▶ **PROBLEM DESCRIPTION**: Write out exactly the lines below from the one containing "- TINI2 Gray" to the last, both ends kept, and nothing more; skip all pictures.

(Records from a data collection)
----------
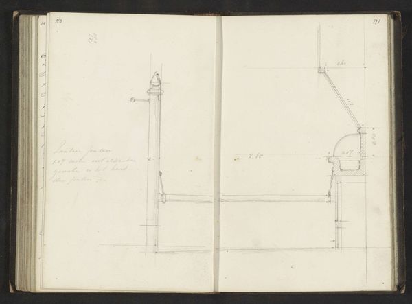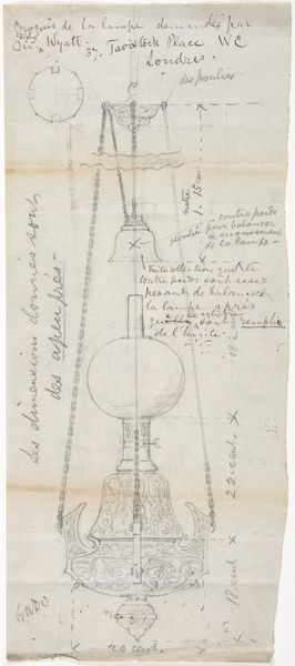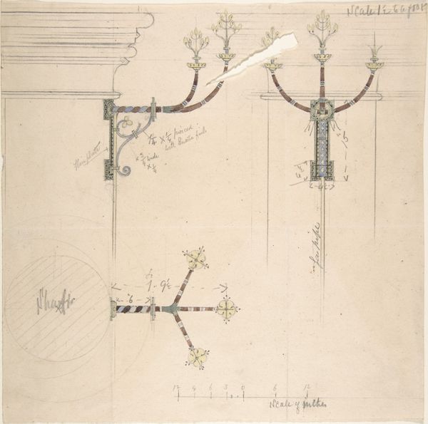 Editor: This is "Design for a Cross Supported by Lead Roof Cap, for Belleaw Church" from 1875-1885 by Richardson Ellson & Co. It's a mixed-media drawing, incorporating watercolor and etching. The drawing style feels both technical and quite elegant. What do you see in this piece? Curator: I see a powerful intersection of faith and architectural ambition, deeply rooted in the cultural memory of the Gothic Revival. The cross itself, rendered with such precise detail, isn’t just a symbol, but a structural element, laden with centuries of Christian symbolism adapting into modern innovation. The lead roof cap grounds the ethereal aspirations of the cross. Have you considered how this juxtaposition reflects the societal tensions between tradition and modernity during that period? Editor: That's fascinating! I hadn't really thought about the roof cap as this grounding force, more like just part of the design. So, the choice of materials is significant, as well as the cross design? Curator: Precisely. The etching combined with watercolor suggests a yearning for the past and industrial progress. Note the detailing and the technical script, mimicking manuscript, coexisting. What emotions does this clash evoke? It evokes how people at the time interpreted history in contrast with their then modern experience. Editor: A tension, definitely. Maybe a reaching for stability in faith while embracing new technologies? Thanks, that gives me a much deeper understanding! Curator: Exactly, and remember, these symbols evolve, resonating differently with each generation. Always consider the historical context, but trust your intuition. The symbols always evolve into something meaningful.
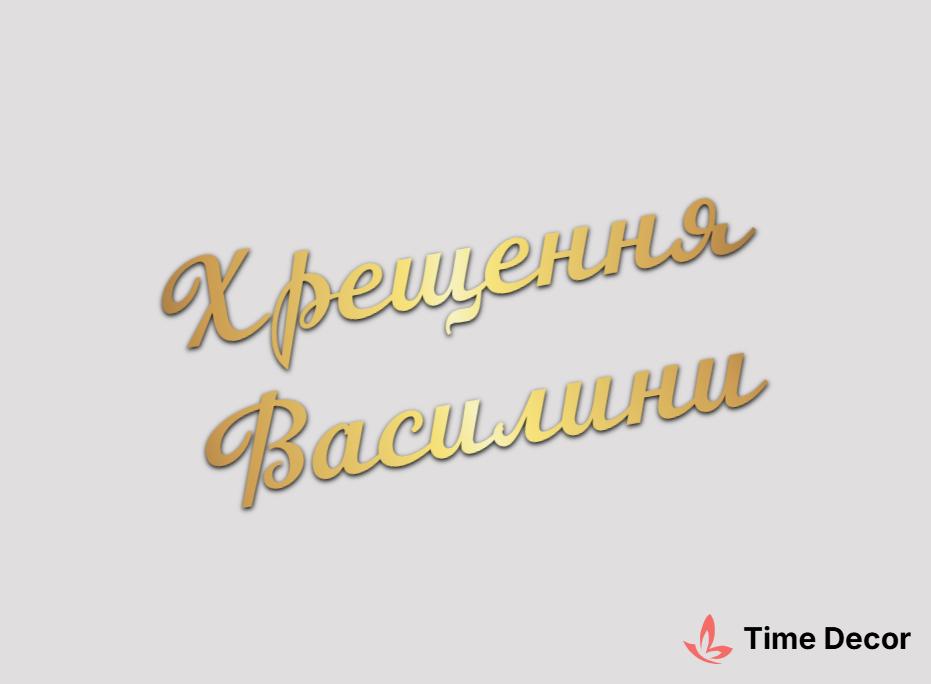 Пластиковий напис "Хрещення Василини" – дзеркальний або матовий пластик, можливе виготовлення з клейкою зворотною поверхнею для легкого монтажу.
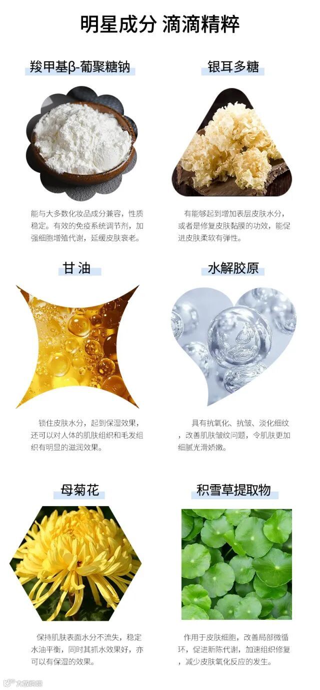 银耳多糖:能起到修复皮肤、增加表层皮肤水分的作用。它能提高角质层的水分,使皮肤更加柔软有弹性。此外,它还能降低水分蒸发的程度,增强皮肤自我保护屏障。
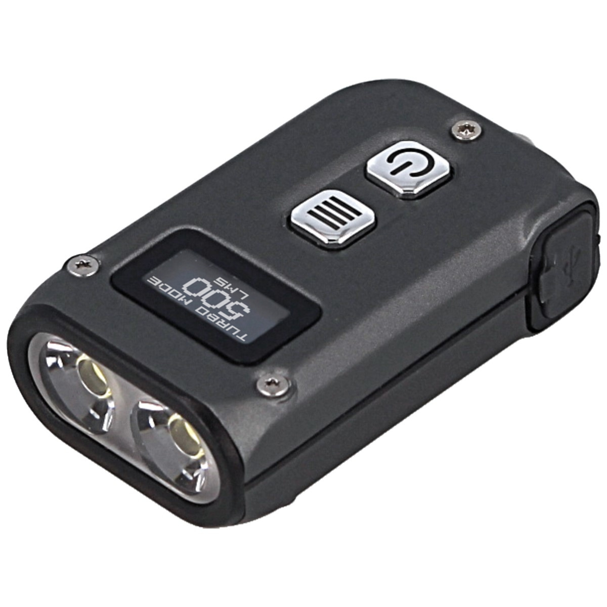 - TINI2 Gray compact flashlight by NiteCore capable of producing an impressive amount of light. Essential for situations where an additional light source is required. Built-in Li-Ion rechargeable battery charges easily with a USB-C cable. Five light modes.
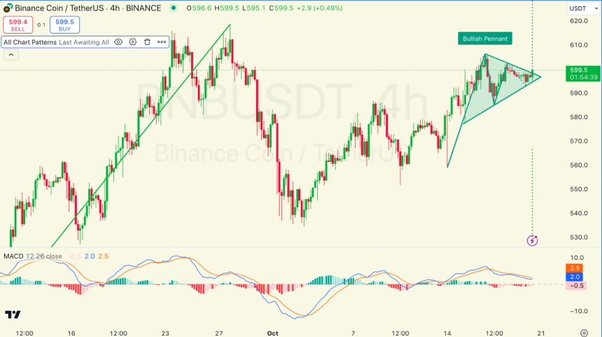 The price ranges between $590 and $600. Nevertheless, a breakout above the upper trendline of the pennant means that the bullish move will continue and may reach subsequent resistances, which could be around $610 or higher.
----------
▶ **FINISHED TASK**:
 - TINI2 Gray compact flashlight by NiteCore capable of producing an impressive amount of light. Essential for situations where an additional light source is required. Built-in Li-Ion rechargeable battery charges easily with a USB-C cable. Five light modes.
 The price ranges between $590 and $600. Nevertheless, a breakout above the upper trendline of the pennant means that the bullish move will continue and may reach subsequent resistances, which could be around $610 or higher.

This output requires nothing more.